▸ WHAT TO WORK ON: This exercise calls for the line with "Go to Shopify", the line with "Luxusný zrkadlový stôl", and all lines between them in the material below, output exactly and with no other lines.

▸ PROVIDED RECORDS:

========

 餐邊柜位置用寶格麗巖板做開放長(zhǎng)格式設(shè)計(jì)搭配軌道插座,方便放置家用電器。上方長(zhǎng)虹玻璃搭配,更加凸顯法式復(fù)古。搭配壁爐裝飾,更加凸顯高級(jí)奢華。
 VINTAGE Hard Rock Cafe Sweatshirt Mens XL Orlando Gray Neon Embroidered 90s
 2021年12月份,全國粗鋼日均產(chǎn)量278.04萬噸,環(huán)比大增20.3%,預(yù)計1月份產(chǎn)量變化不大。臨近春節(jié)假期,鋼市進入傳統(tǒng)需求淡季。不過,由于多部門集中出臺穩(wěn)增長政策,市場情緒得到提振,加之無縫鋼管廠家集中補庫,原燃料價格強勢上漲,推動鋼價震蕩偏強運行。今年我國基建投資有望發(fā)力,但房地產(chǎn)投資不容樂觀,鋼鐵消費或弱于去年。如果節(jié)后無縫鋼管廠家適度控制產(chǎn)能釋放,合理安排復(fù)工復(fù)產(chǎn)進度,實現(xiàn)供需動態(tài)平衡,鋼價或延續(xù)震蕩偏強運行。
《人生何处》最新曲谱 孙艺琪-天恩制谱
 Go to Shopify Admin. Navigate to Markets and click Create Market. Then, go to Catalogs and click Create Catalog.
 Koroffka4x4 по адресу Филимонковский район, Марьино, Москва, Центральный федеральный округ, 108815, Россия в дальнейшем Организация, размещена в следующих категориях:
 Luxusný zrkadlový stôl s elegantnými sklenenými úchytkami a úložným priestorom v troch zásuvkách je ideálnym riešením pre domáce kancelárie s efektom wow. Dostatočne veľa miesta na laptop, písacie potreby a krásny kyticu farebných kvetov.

========

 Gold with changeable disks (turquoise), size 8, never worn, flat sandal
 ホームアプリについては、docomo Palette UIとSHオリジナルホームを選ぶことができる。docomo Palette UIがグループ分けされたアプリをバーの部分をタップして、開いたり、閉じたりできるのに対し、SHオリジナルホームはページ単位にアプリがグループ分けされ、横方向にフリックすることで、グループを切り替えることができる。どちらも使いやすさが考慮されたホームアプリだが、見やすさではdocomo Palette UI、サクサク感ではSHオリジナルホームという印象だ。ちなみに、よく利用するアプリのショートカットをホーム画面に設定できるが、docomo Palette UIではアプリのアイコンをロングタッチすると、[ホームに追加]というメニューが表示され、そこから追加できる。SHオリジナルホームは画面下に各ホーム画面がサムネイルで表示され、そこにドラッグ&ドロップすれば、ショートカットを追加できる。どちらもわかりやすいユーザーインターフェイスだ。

========

▸ PROBLEM SOLUTION:
 Go to Shopify Admin. Navigate to Markets and click Create Market. Then, go to Catalogs and click Create Catalog.
 Koroffka4x4 по адресу Филимонковский район, Марьино, Москва, Центральный федеральный округ, 108815, Россия в дальнейшем Организация, размещена в следующих категориях:
 Luxusný zrkadlový stôl s elegantnými sklenenými úchytkami a úložným priestorom v troch zásuvkách je ideálnym riešením pre domáce kancelárie s efektom wow. Dostatočne veľa miesta na laptop, písacie potreby a krásny kyticu farebných kvetov.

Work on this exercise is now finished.